━━ Material provided ━━
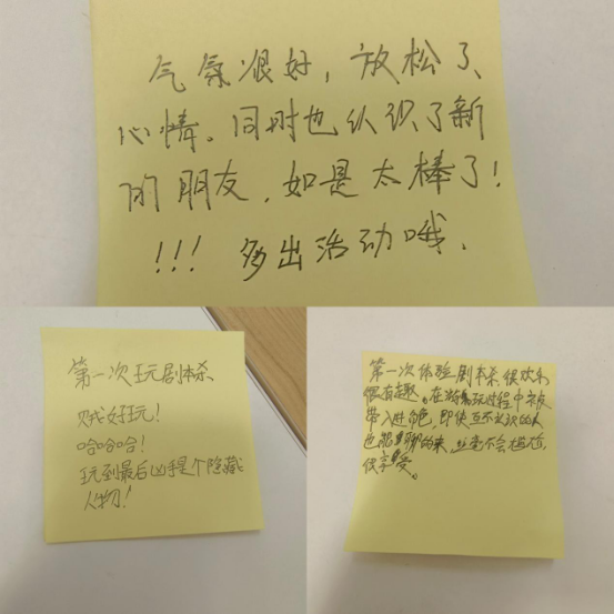 将悬疑推理与社交互动结合的剧本杀,深受年轻人的喜爱,在如是心理协会的带领下,8名同学在欢乐剧本杀中体验角色精彩各异的人生。本不认识的同学们在不断的聊天、交流、博弈中越来越熟悉,剧情也在共同推理演绎下逐渐明晰。剧本杀给同学们提供了情绪宣泄的出口,参与同学们的感受高频词是“放松”、“开心”、“交友”。
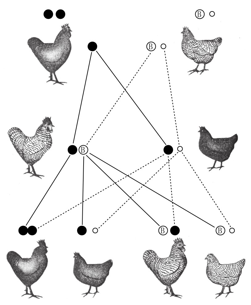 鸟类的遗传学证据是毋庸置疑的,这一证据源于性连锁遗传。如果让黑色狼山型公鸡和花纹Plymouth rock型母鸡交配,所得雄性个体都有花纹,而雌性个体都是黑色的(如图120)。如果Z染色体携带分化基因,则预期所得结果应和上述相同,因为子一代的雌性会从其父代得到Z染色体。如果让子代的后代杂交,会得到花纹公鸡、花纹母鸡、黑色公鸡、黑色母鸡共四种类型,比例为1:1:1:1。
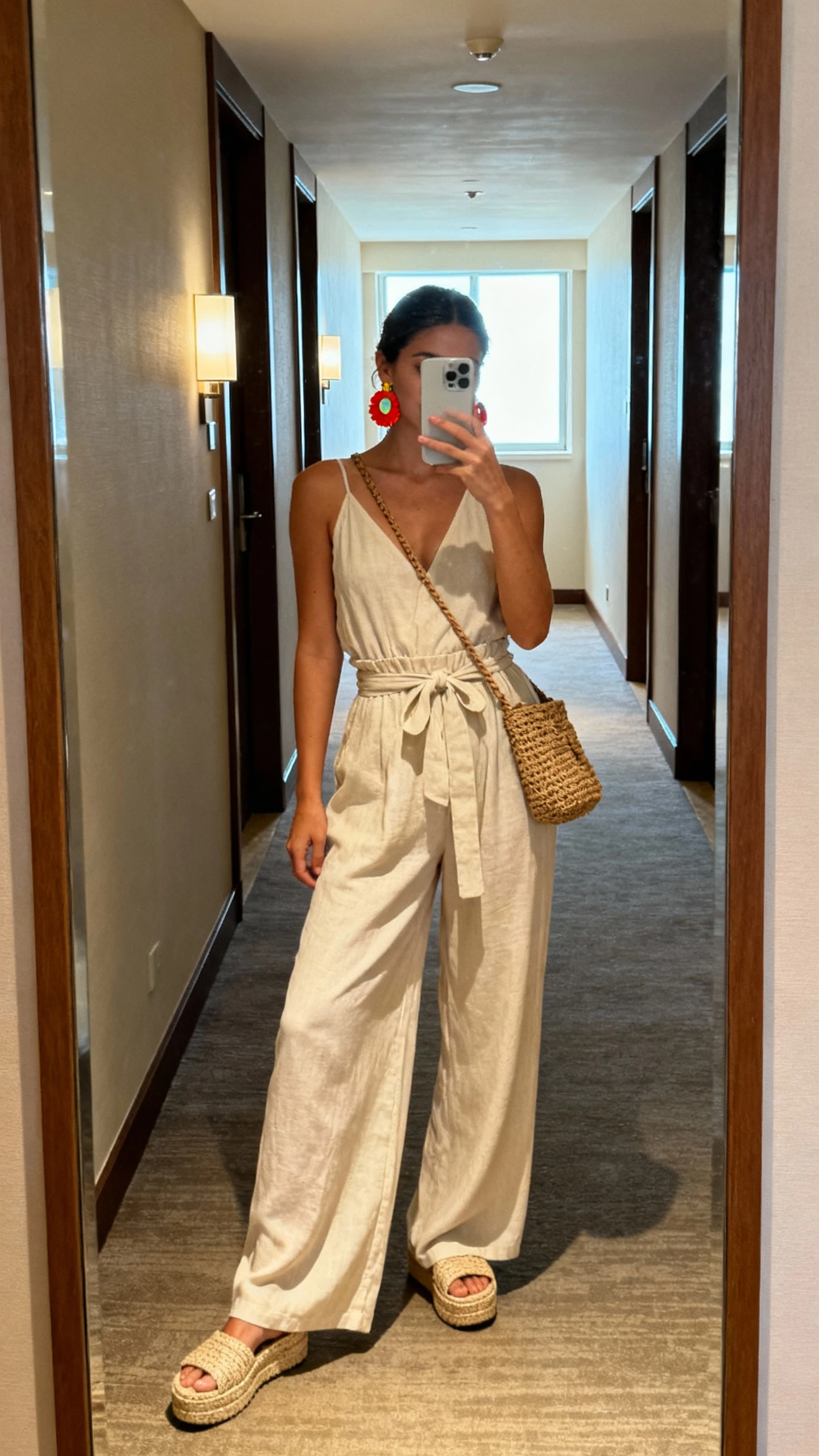 - Wide-leg jumpsuit (linen blend or silky weave, adjustable straps)
━━━
-- Prompt --
Output each line exactly as shown above; no pictures go in the copy.

-- Task solution --
 将悬疑推理与社交互动结合的剧本杀,深受年轻人的喜爱,在如是心理协会的带领下,8名同学在欢乐剧本杀中体验角色精彩各异的人生。本不认识的同学们在不断的聊天、交流、博弈中越来越熟悉,剧情也在共同推理演绎下逐渐明晰。剧本杀给同学们提供了情绪宣泄的出口,参与同学们的感受高频词是“放松”、“开心”、“交友”。
 鸟类的遗传学证据是毋庸置疑的,这一证据源于性连锁遗传。如果让黑色狼山型公鸡和花纹Plymouth rock型母鸡交配,所得雄性个体都有花纹,而雌性个体都是黑色的(如图120)。如果Z染色体携带分化基因,则预期所得结果应和上述相同,因为子一代的雌性会从其父代得到Z染色体。如果让子代的后代杂交,会得到花纹公鸡、花纹母鸡、黑色公鸡、黑色母鸡共四种类型,比例为1:1:1:1。
 - Wide-leg jumpsuit (linen blend or silky weave, adjustable straps)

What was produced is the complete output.